§ **RECORDS PROVIDED**
========

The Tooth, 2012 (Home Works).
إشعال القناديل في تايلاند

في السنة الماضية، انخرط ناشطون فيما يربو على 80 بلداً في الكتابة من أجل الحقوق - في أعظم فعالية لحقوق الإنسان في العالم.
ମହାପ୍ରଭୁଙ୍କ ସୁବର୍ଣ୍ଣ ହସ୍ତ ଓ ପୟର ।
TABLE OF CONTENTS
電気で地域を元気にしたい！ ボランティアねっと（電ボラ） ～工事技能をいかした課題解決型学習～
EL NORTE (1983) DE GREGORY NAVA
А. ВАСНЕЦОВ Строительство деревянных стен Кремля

========

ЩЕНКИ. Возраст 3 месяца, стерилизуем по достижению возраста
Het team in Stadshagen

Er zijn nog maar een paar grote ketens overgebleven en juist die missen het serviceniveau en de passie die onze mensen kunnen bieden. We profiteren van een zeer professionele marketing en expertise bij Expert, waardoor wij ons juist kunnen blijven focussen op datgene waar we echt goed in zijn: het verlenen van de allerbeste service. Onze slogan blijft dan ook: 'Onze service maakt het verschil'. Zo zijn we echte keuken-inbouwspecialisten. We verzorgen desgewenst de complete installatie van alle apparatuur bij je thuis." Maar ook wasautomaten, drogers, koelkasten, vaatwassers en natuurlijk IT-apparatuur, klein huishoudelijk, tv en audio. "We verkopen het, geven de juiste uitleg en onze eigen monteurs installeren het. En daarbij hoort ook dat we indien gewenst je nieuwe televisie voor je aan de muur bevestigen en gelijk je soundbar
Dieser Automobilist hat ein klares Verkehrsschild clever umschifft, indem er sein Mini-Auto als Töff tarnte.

========

§ **DIRECTIONS FOR THIS TASK**
Retype the records above, but only those lines that fall between the line containing "إشعال القناديل في تايلاند" and the line containing "А. ВАСНЕЦОВ Строительство", with both of those lines included, exactly as written.

§ **SOLUTION**
إشعال القناديل في تايلاند

في السنة الماضية، انخرط ناشطون فيما يربو على 80 بلداً في الكتابة من أجل الحقوق - في أعظم فعالية لحقوق الإنسان في العالم.
ମହାପ୍ରଭୁଙ୍କ ସୁବର୍ଣ୍ଣ ହସ୍ତ ଓ ପୟର ।
TABLE OF CONTENTS
電気で地域を元気にしたい！ ボランティアねっと（電ボラ） ～工事技能をいかした課題解決型学習～
EL NORTE (1983) DE GREGORY NAVA
А. ВАСНЕЦОВ Строительство деревянных стен Кремля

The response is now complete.